In 4 (33%) patients the pleural effusion still recurred after discharge due to end-stage cirrhosis with massive ascites.
We conclude that the repair of the diaphragmatic defect and pleurodesis through VATS could be an alternative of transjugular intrahepatic portal systemic shunt (TIPS) or a bridge to liver transplantation for patients with refractory hepatic hydrothorax. Pleurodesis with electrocauterization can be an alternative therapy if talc is unavailable.”
“Background: The beta-lactam antibiotic and glutamate transporter subtype 1 (GLT-1)
activator ceftriaxone prevents relapse to cocaine-seeking and inhibits morphine-induced physical dependence and tolerance in rats, but its efficacy against amphetamine-induced β-Nicotinamide behaviors is unknown.

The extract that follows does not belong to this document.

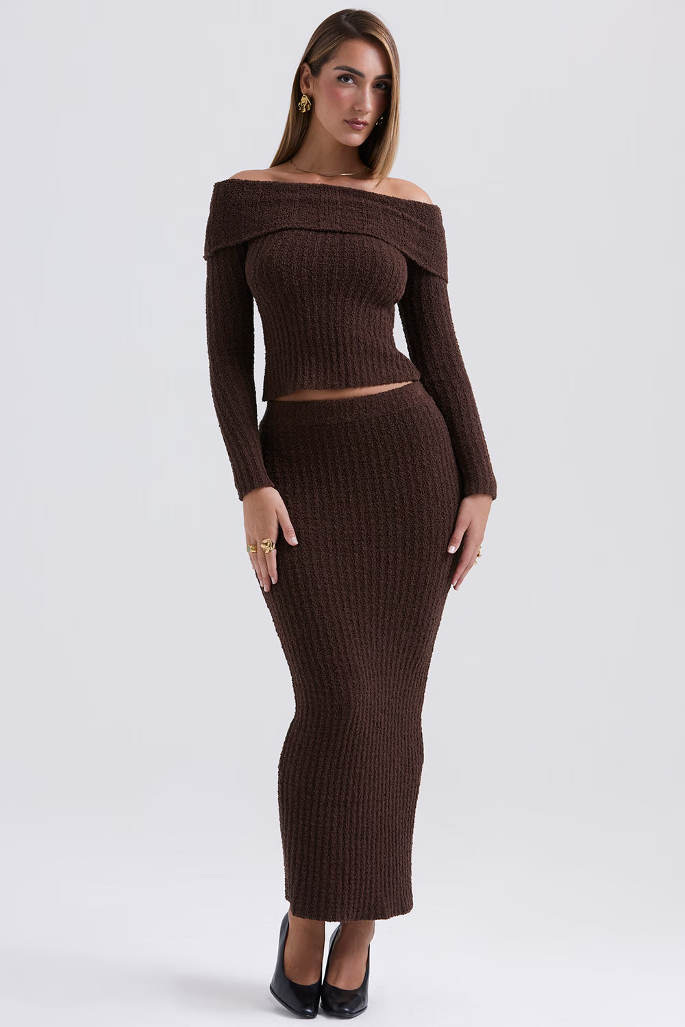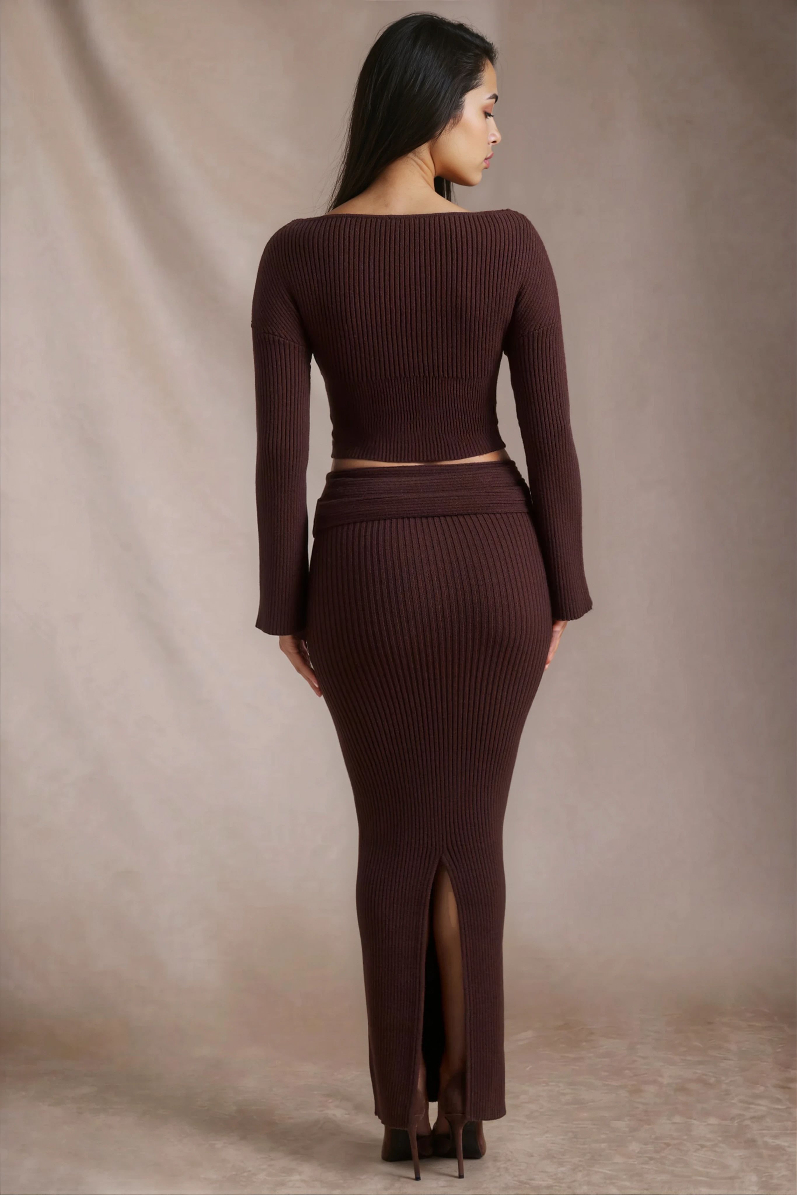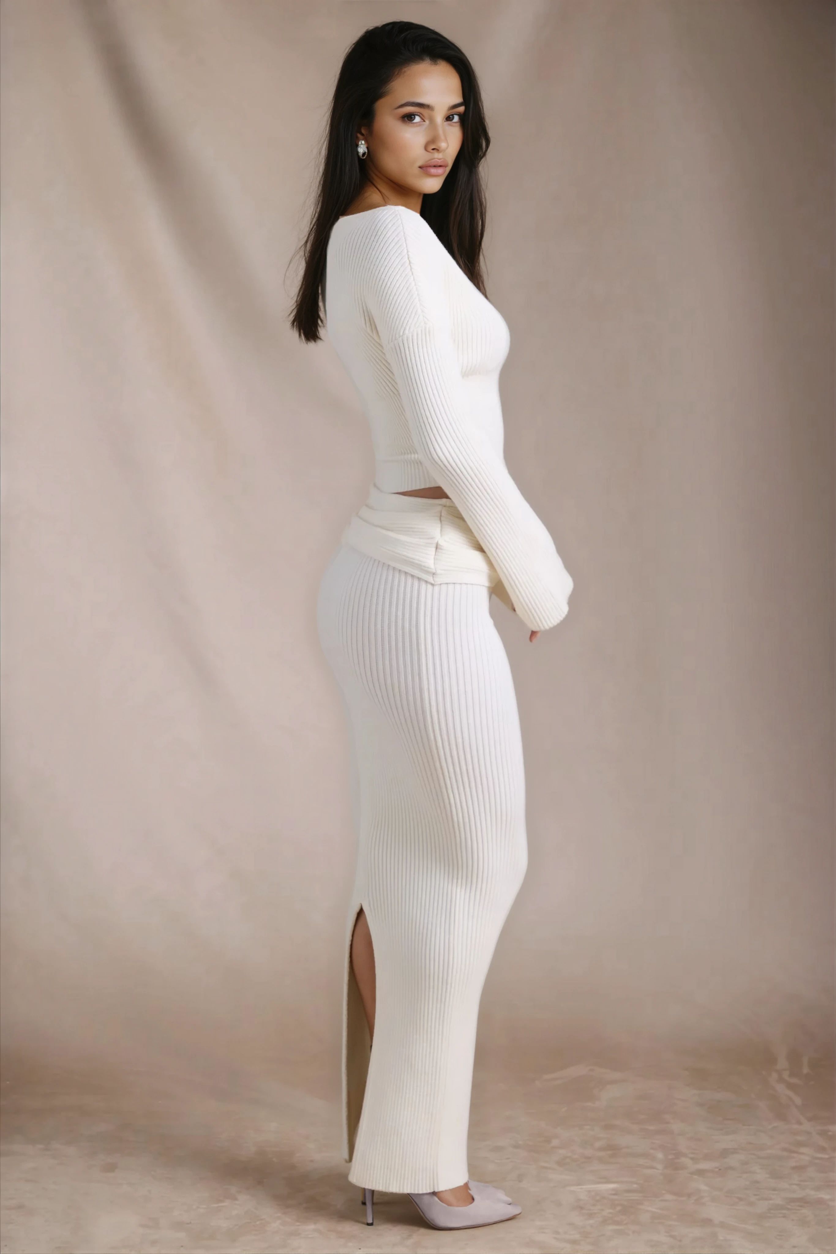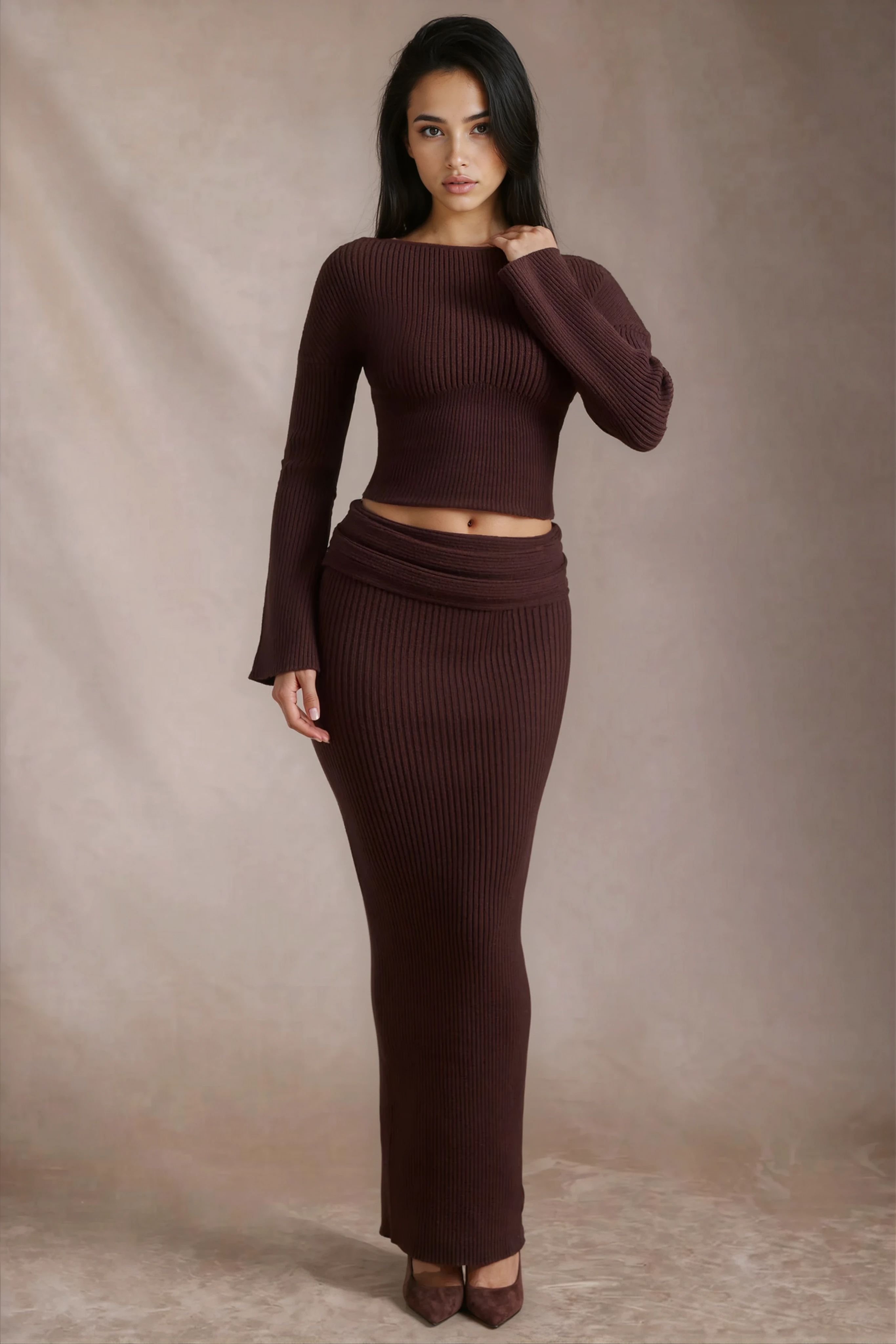 Ribbed-Knit Slash-Neck Top & Maxi Skirt Set

Methods: Here, we tested the hypothesis that ceftriaxone (200 mg/kg, i.p.) GSK690693 chemical structure inhibits hyperactivity produced by acute amphetamine administration (2 mg/kg, i.p.) and sensitization of hyperactivity induced by repeated amphetamine exposure (2 mg/kg, i.p.).

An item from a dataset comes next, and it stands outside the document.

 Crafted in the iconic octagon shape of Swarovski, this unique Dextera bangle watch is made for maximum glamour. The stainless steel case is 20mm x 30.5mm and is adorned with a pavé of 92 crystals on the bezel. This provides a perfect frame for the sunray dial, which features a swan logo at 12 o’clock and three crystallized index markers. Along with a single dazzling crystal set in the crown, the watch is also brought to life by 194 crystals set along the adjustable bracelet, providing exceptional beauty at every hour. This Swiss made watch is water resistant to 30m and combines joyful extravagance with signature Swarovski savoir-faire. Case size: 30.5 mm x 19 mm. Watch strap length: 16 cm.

For acute experiments, rats treated with ceftriaxone for 5 days were injected with amphetamine or saline on day 6.
Results: Amphetamine elicited less ambulatory and stereotypical activity in ceftriaxone-treated rats than in ceftriaxone-naive rats. For chronic experiments, rats injected with ceftriaxone or saline for 8 days were also injected with amphetamine or saline on days 6-8 and then challenged with amphetamine 5 days later. Amphetamine produced greater ambulatory and stereotypical activity Selleck LY2157299 in amphetamine-pretreated rats than in rats previously naive to amphetamine. Amphetamine challenge produced less ambulatory and stereotypical activity in rats pretreated with a combination of ceftriaxone (200 mg/kg) and amphetamine than in rats pretreated with only amphetamine.
Conclusion:
The present demonstration that ceftriaxone attenuates amphetamine-induced hyperactivity and behavioral sensitization suggests its documented efficacy against adverse cocaine and morphine effects extends to amphetamine. (C) 2011 Elsevier Ireland Ltd. All rights reserved.”
“Poly(acrylic acid) (PAA) was used as an additive to fabricate blended polysulfone (PSF) ultrafiltration (UF) membranes. Hexanediamine was used as a crosslinking agent to react with PAA and formed an active surface with amine group. Then, an end carboxyl group methoxy polyethylene glycol (MPEG) was grafted on the membrane surface via an amidation reaction. Water contact angle measurement indicated that the surface hydrophilicity of PSF/PAA-blended membranes and MPEG-modified membranes remarkably increased. Attenuated total reflectance Fourier transform infrared spectroscopy (ATR/FTIR) was used to confirm the existence of PAA in the blended membranes and the change of chemical composition. Membrane surface and cross-sectional morphologies were observed by scanning electron microscope.